START DATA EXTRACT
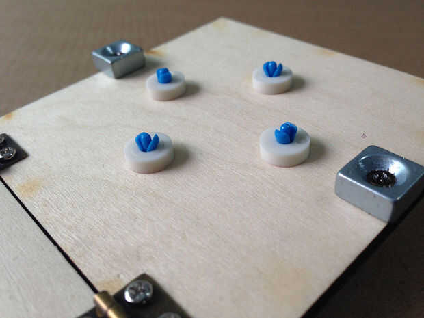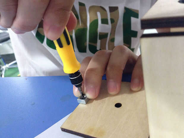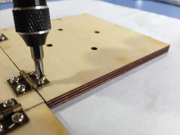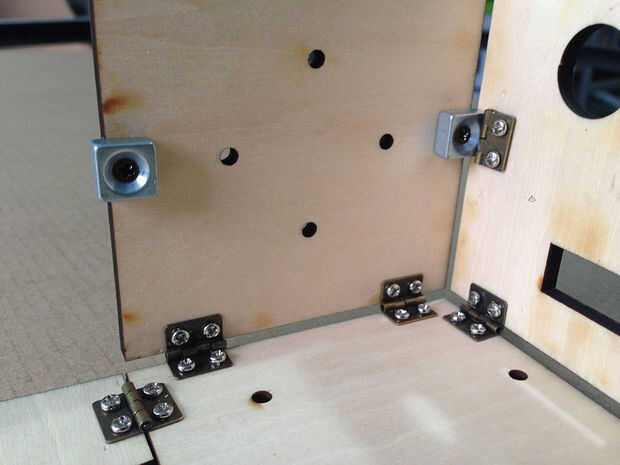Fije las bisagras e imanes con tornillos como se muestra en foto.
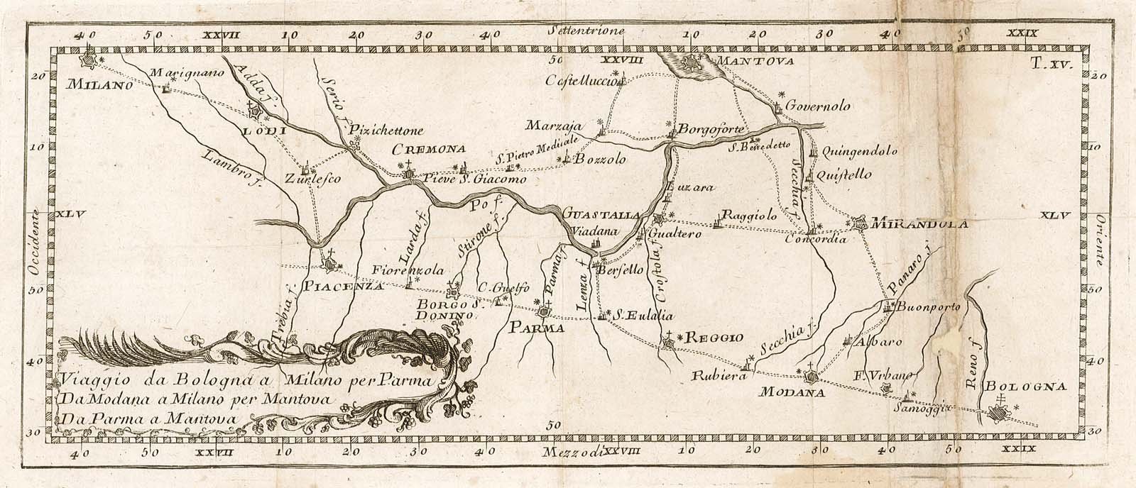 Itinerario, in prima edizione, raffigurante il percorso stradale tra le due città. Di seguito, alcune delle tappe del viaggio: Modana, Reggio, Parma, Borgo S. Donnino, Piacenza, Zurlesco, Lodi, Marignano, Pizzichettone, Cremona, Marzaia, Castelluccio, Mantova, Borgoforte, Guastalla, Governolo, Quistello, Mirandola, Buonporto, F. Urbano. Pieghe editoriali
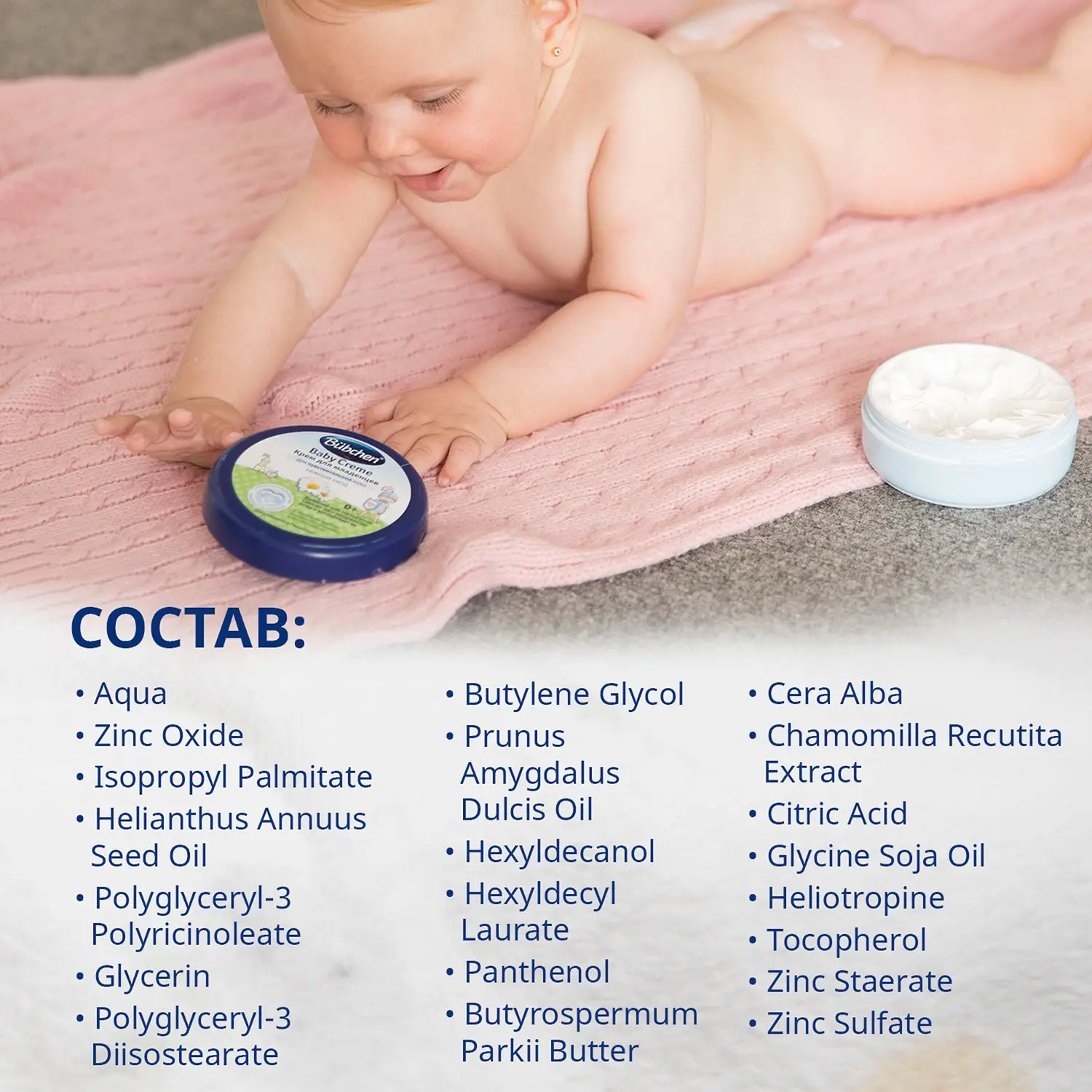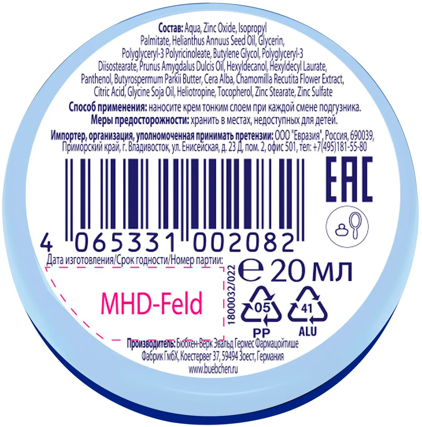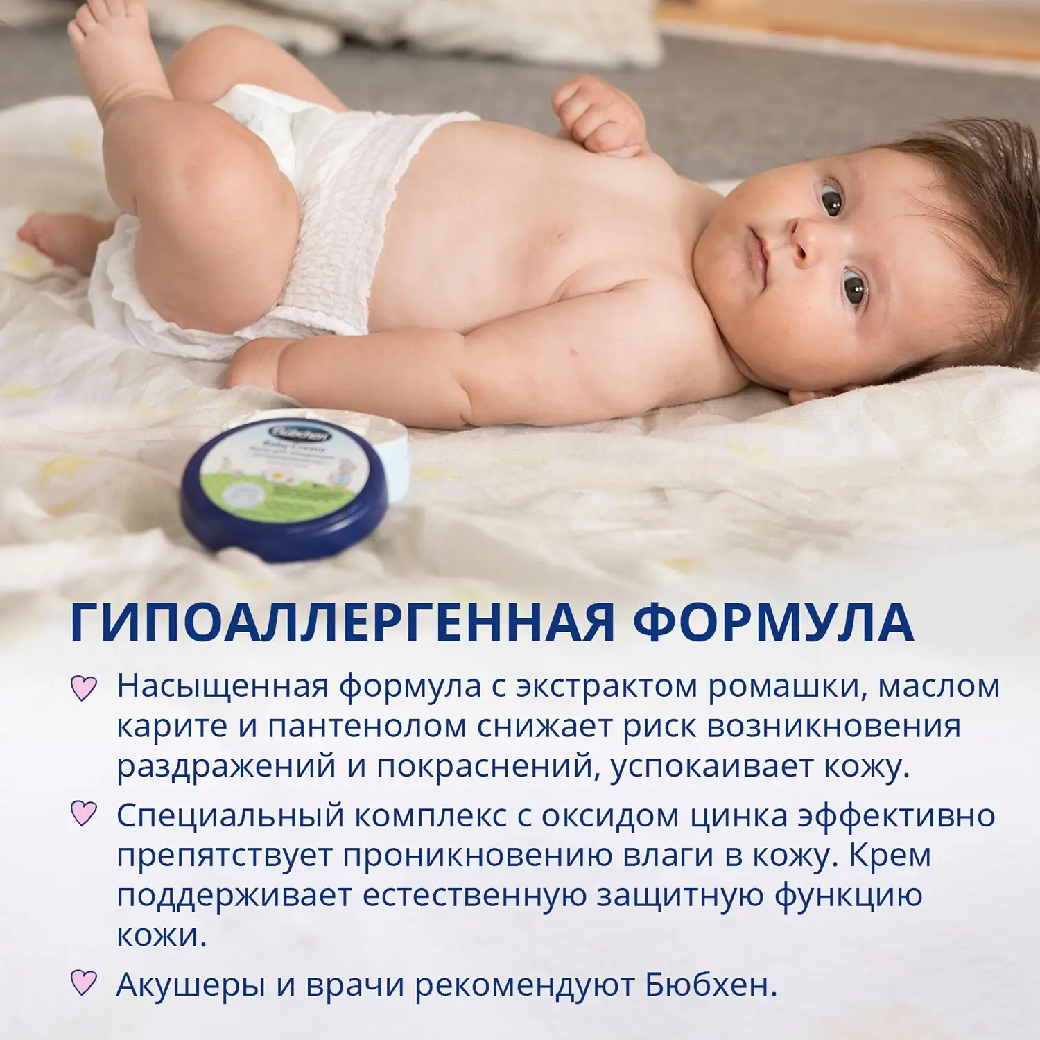 Богатая полезными веществами формула с оксидом цинка, ромашкой и пантенолом препятствует возникновению раздражений и покраснений на коже. Специальный комплекс с оксидом цинка эффективно защищает от влаги. Крем поддерживает естественную защитную функцию кожи. Он разработан с целью минимизировать риск возникновения аллергических реакций. Акушеры и врачи рекомендуют Бюбхен.
END DATA EXTRACT
An exact reproduction of the material is needed, without its images.

### [FINISHED EXERCISE]
Fije las bisagras e imanes con tornillos como se muestra en foto.
 Itinerario, in prima edizione, raffigurante il percorso stradale tra le due città. Di seguito, alcune delle tappe del viaggio: Modana, Reggio, Parma, Borgo S. Donnino, Piacenza, Zurlesco, Lodi, Marignano, Pizzichettone, Cremona, Marzaia, Castelluccio, Mantova, Borgoforte, Guastalla, Governolo, Quistello, Mirandola, Buonporto, F. Urbano. Pieghe editoriali
 Богатая полезными веществами формула с оксидом цинка, ромашкой и пантенолом препятствует возникновению раздражений и покраснений на коже. Специальный комплекс с оксидом цинка эффективно защищает от влаги. Крем поддерживает естественную защитную функцию кожи. Он разработан с целью минимизировать риск возникновения аллергических реакций. Акушеры и врачи рекомендуют Бюбхен.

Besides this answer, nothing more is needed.